EXERCISE = Would you please print exactly the lines that run from the one with "(2월2일(월)) 땡처리 99.9% 확정 패키지" to the last line of the data, both included, without any pictures?

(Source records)
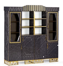 کتابخانه مدل M02 با طراحی لوکس و تلفیق رنگ مشکی و طلایی، مکمل کامل میز مدیریتی این ست است. با قفسههای جادار و دربهای شیشهای، علاوه بر زیبایی، فضای مناسبی برای نگهداری کتابها، مدارک و لوازم تزئینی فراهم میکند.
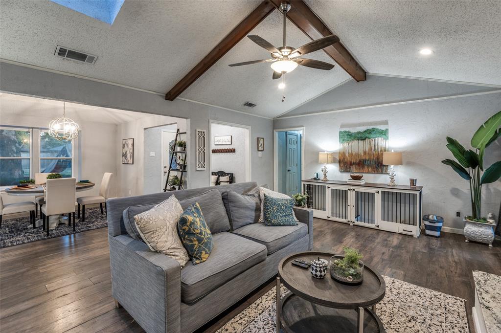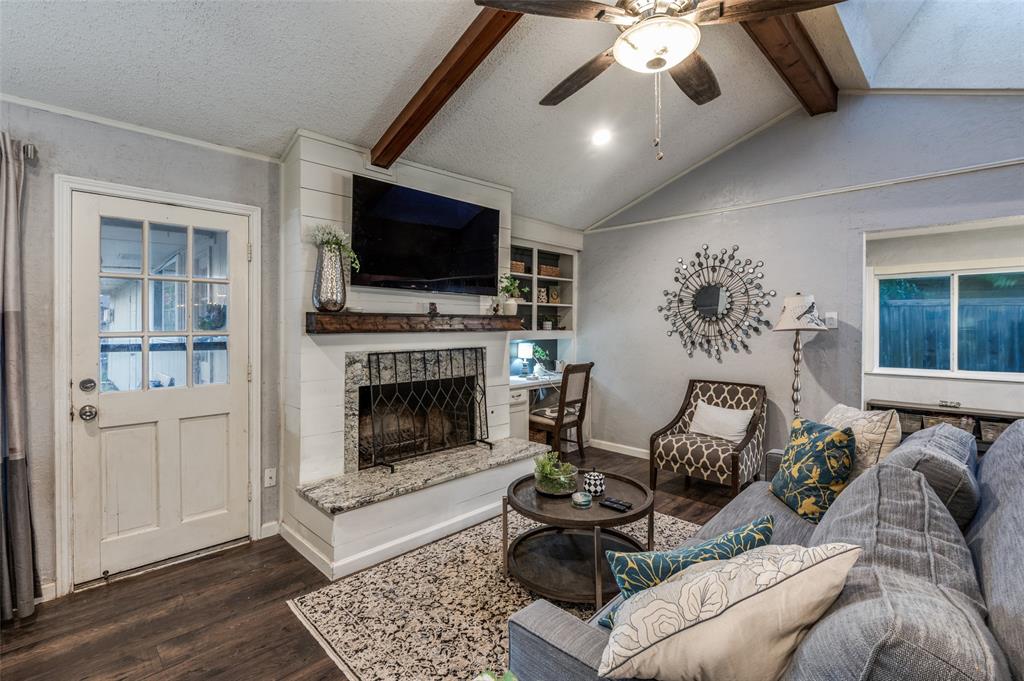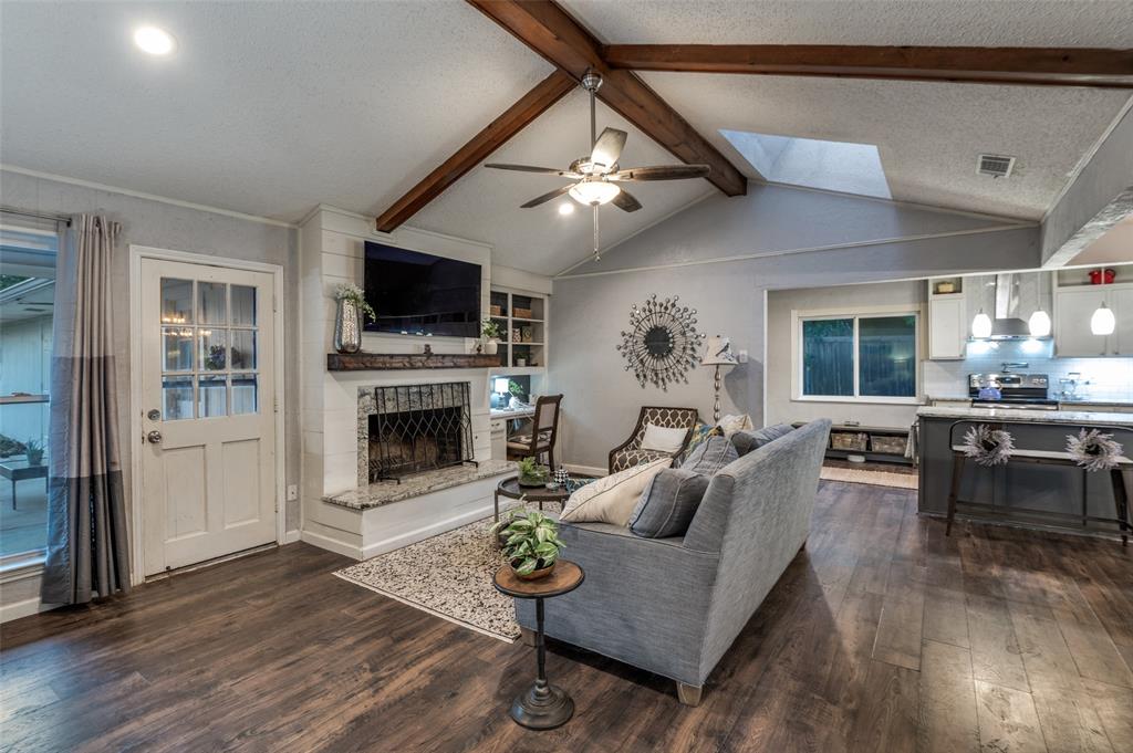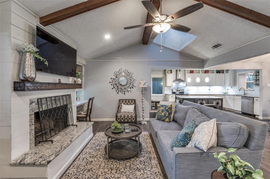 Step inside to a spacious vaulted living area highlighted by a striking fireplace, charming skylight, and abundant natural light through brand-new windows. The open kitchen and dining seamlessly connect—perfect for large gatherings and entertaining. The kitchen shines with granite countertops, subway tile backsplash, stainless steel appliances, and thoughtful extras like a potfiller, ceiling-height cabinetry, and abundant storage.
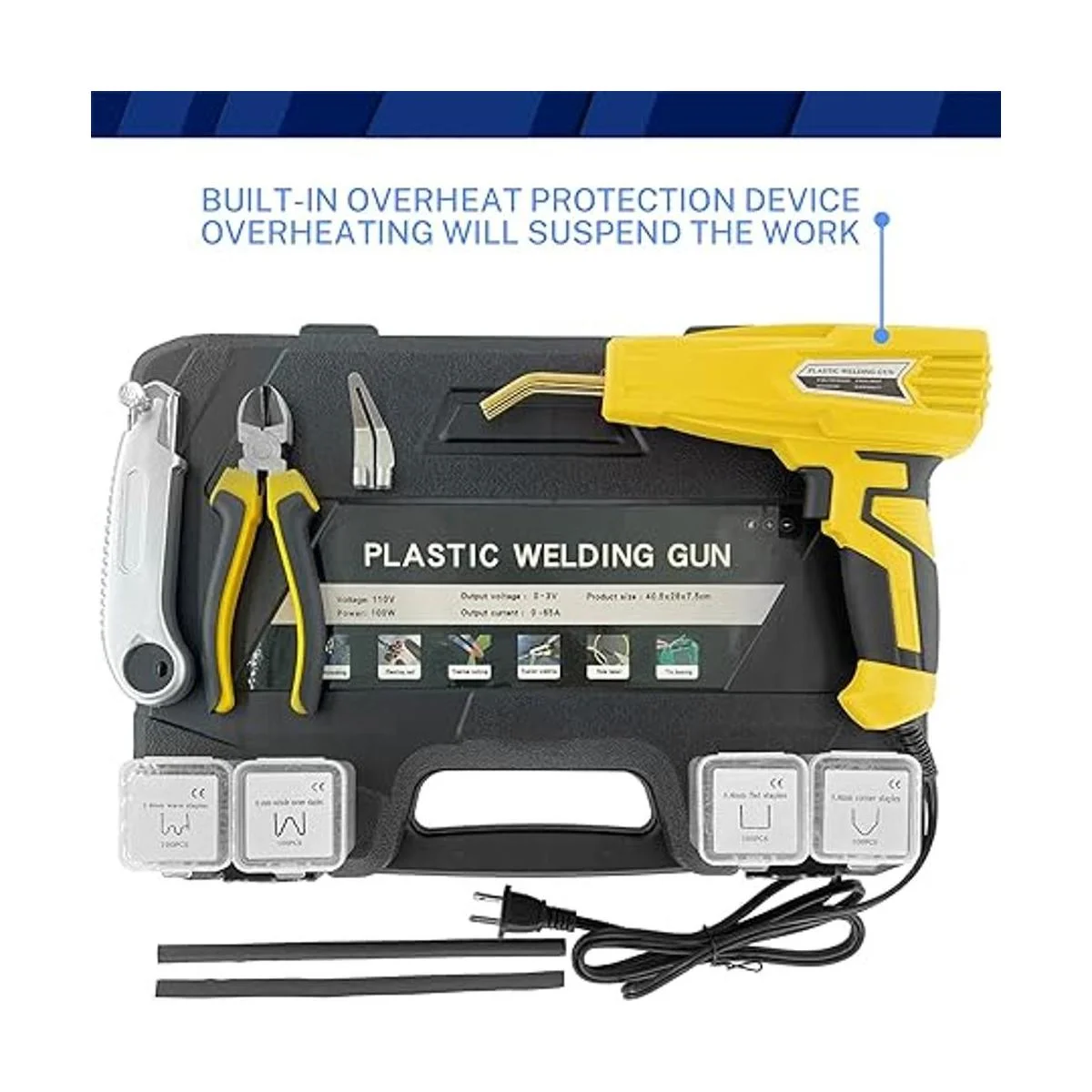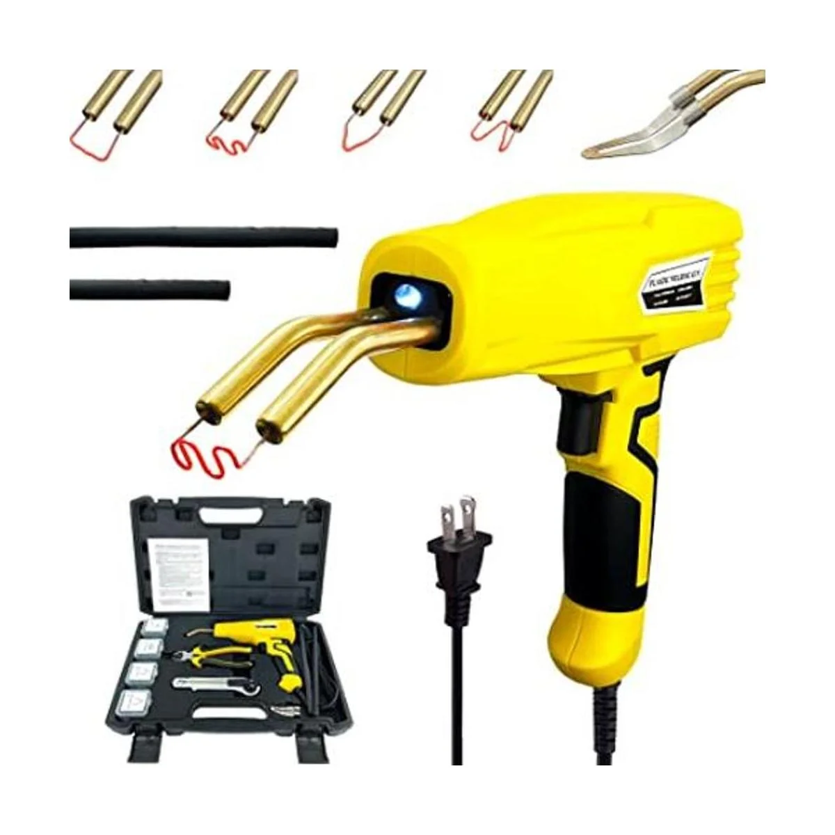 Allturn Versión mejorada de 110 V100 W, kit de soldadura de plástico, kit de reparación de parachoques de automóvil, alicates, cuchillos, esquinas planasexterioresesquinas interioresgrapas onduladas, pistola de soldadura de plástico amarillo
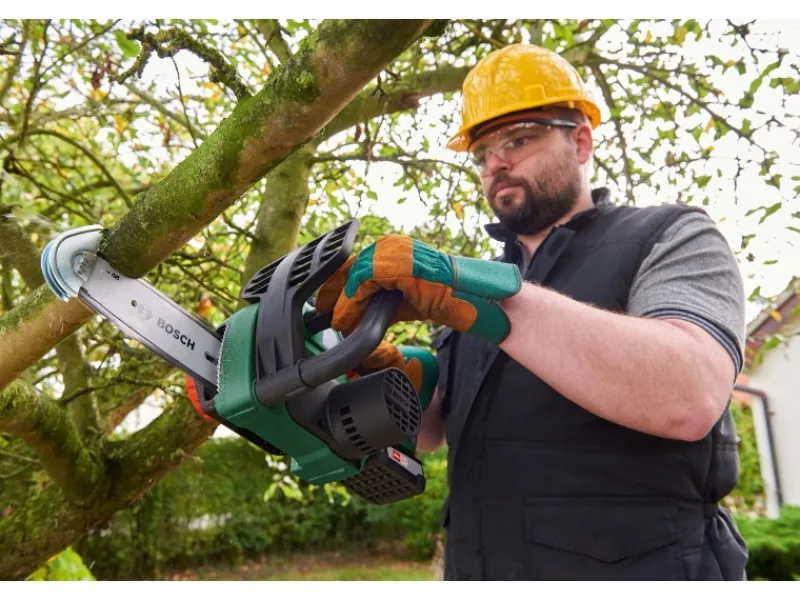 Kraftvolle Akku-Kettensäge für verschiedene Sägearbeiten rund ums Haus
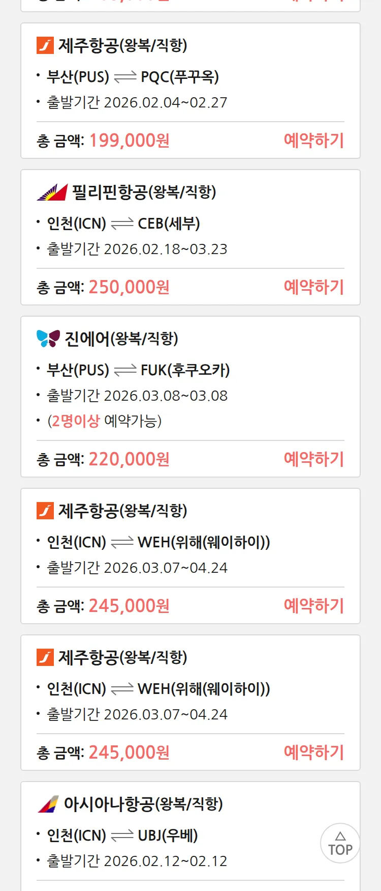 (2월2일(월)) 땡처리 99.9% 확정 패키지
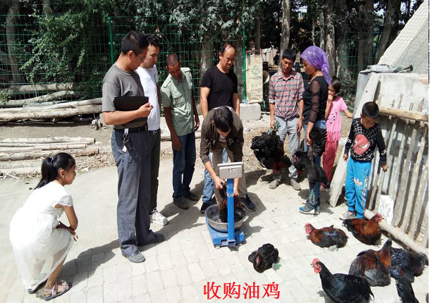 已经过去了四个多月,第一批发放的拜城油鸡已经基本长成,农民都害怕卖不出去,积极性出现动摇,部分农民开始出现投入不足、饲养管理不到位等情况。地区畜牧技术推广中心下沉专业技术人员看到这种情况后及时联系拜城县牧村油鸡养殖合作社来村里上门收购达到体重标准的油鸡。经过工作队和下沉干部的认真组织,合作社人员到养鸡户家门口开展收购工作,标准为公鸡1.8kg以上、母鸡1.5kg以上,每公斤32元现金收购。

REPLY TO THE EXERCISE =
 (2월2일(월)) 땡처리 99.9% 확정 패키지
 已经过去了四个多月,第一批发放的拜城油鸡已经基本长成,农民都害怕卖不出去,积极性出现动摇,部分农民开始出现投入不足、饲养管理不到位等情况。地区畜牧技术推广中心下沉专业技术人员看到这种情况后及时联系拜城县牧村油鸡养殖合作社来村里上门收购达到体重标准的油鸡。经过工作队和下沉干部的认真组织,合作社人员到养鸡户家门口开展收购工作,标准为公鸡1.8kg以上、母鸡1.5kg以上,每公斤32元现金收购。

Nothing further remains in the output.